User migration tools
Presumably you'd use the same user-migration tools that you'd use when you upgraded your PC and wanted your old systems files and settings applied to the new one. I can't vouch for how well they work (in the RC, or for that matter in full W7), but they're there.
"So I lose all my tweaks and configuration and the entire look/feel that I spent ages setting up since last July when I installed Win7 RC on my laptop??"
In a word YES - Knowing about this well in advance, I can't believe you're now complaining that it's actually coming into effect...
Don't install an RC in the future and invest so heavily in 'tweaking' it if you can't handle the end result.

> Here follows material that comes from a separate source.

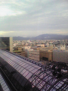 西本願寺にも行こうかと思ったけど、取りやめてホテル最上階の渡り廊下に登ってみることに。

I bet you complain about bugs when Beta testing games...
And Jeez to you
I knew I'd have to buy a license at some point but I reasonably (in my opinion) believed that would be to enter and flag my RC installation as legitimate and let me keep getting updates etc. As far as I know, it was not made clear that a fresh install would be needed.
"Also, since it was free, no contract exists between Microsoft and a Win7-RC user. In this situation, they have no obligations towards any WIn7-RC user."
That's completely false. A contract does not have to include financial remuneration. A contract exists whenever two individuals promise to provide each other with any form of benefit.
In this case, the details of the contract between RC users and Microsoft are pretty much spelled out in the terms and conditions the RC users had to accept before downloading/installing the RC.
"Also, since it was free, no contract exists between Microsoft and a Win7-RC user."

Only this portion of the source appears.